SDP Data Product API Overview
This API is used to provide a list of SDP data products (files) that are hosted at a configurable storage location <PERSISTANT_STORAGE_PATH>.
Deployment
Local Deployment
Tooling Pre-requisites Below are some tools that will be required to work with the data product API:
Python 3.10 or later versions: Install page URL: https://www.python.org/downloads/
Poetry 1.2 or later versions: Install page URL: https://python-poetry.org/docs/#installation
GNU make 4.2 or later versions: Install page URL: https://www.gnu.org/software/make/
Elasticsearch 8.6.0 or later versions: (optional)
Installation
Clone the repository and its submodules:
git clone git@gitlab.com:ska-telescope/sdp/ska-sdp-dataproduct-api.git
git submodule update --init --recursive
Running the application
Configure the environmental variables in the .evn file under the root folder according to your requirements and environment. The default values are:
REACT_APP_SKA_SDP_DATA_PRODUCT_DASHBOARD_URL=http://localhost
REACT_APP_SKA_SDP_DATA_PRODUCT_DASHBOARD_PORT=8100
PERSISTANT_STORAGE_PATH=./tests/test_files/product
METADATA_FILE_NAME=ska-data-product.yaml
METADATA_ES_SCHEMA_FILE=./src/ska_sdp_dataproduct_api/elasticsearch/data_product_metadata_schema.json
METADATA_JSON_SCHEMA_FILE=./src/ska_sdp_dataproduct_api/core/data_product_metadata_json_schema.json
ES_HOST=http://localhost:9200
STREAM_CHUNK_SIZE=65536
To run the application directly on your host machine:
cd ska-sdp-dataproduct-api
poetry shell
poetry install
uvicorn src.ska_sdp_dataproduct_api.main:app --reload
To run the application inside a docker container on your host machine:
NOTE: When running the application in a docker container, the <PERSISTANT_STORAGE_PATH> needs to be accessible from within the container. You can mount the test folder into this location as done below:
docker build -t ska-sdp-dataproduct-api .

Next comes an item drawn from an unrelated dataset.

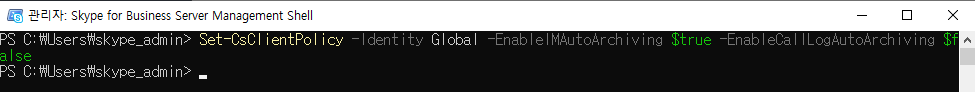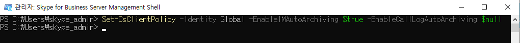 제어판에서 메신저 대화 및 웹 회의 세션 보관을 적용했으나, 클라이언트에는 변화가 없다. 오로지 파워셸 명령어를 통한 정책만 적용되고 있다. 어쩌면, 제어판 구성과 파워셸 구성과 목적과 결과 자체가 다르게 디자인되어 있을 수 있겠다는 생각이 든다.

docker run -p 8000:8000 -v <YOUR_PROJECT_DIR>/ska-sdp-dataproduct-api/tests:/usr/src/ska_sdp_dataproduct_api/tests ska-sdp-dataproduct-api
Uvicorn will then be running on http://127.0.0.1:8000
Kubernetes Deployment
The SDP Data Product API is deployed as part of the helm chart of the SDP Data Product Dashboard. In the Kubernetes deployment, the environmental variables are updated from the values files of the deployment and not the .env file in the project. Please see the documentation in the SDP Data Product Dashboard documentation for more information.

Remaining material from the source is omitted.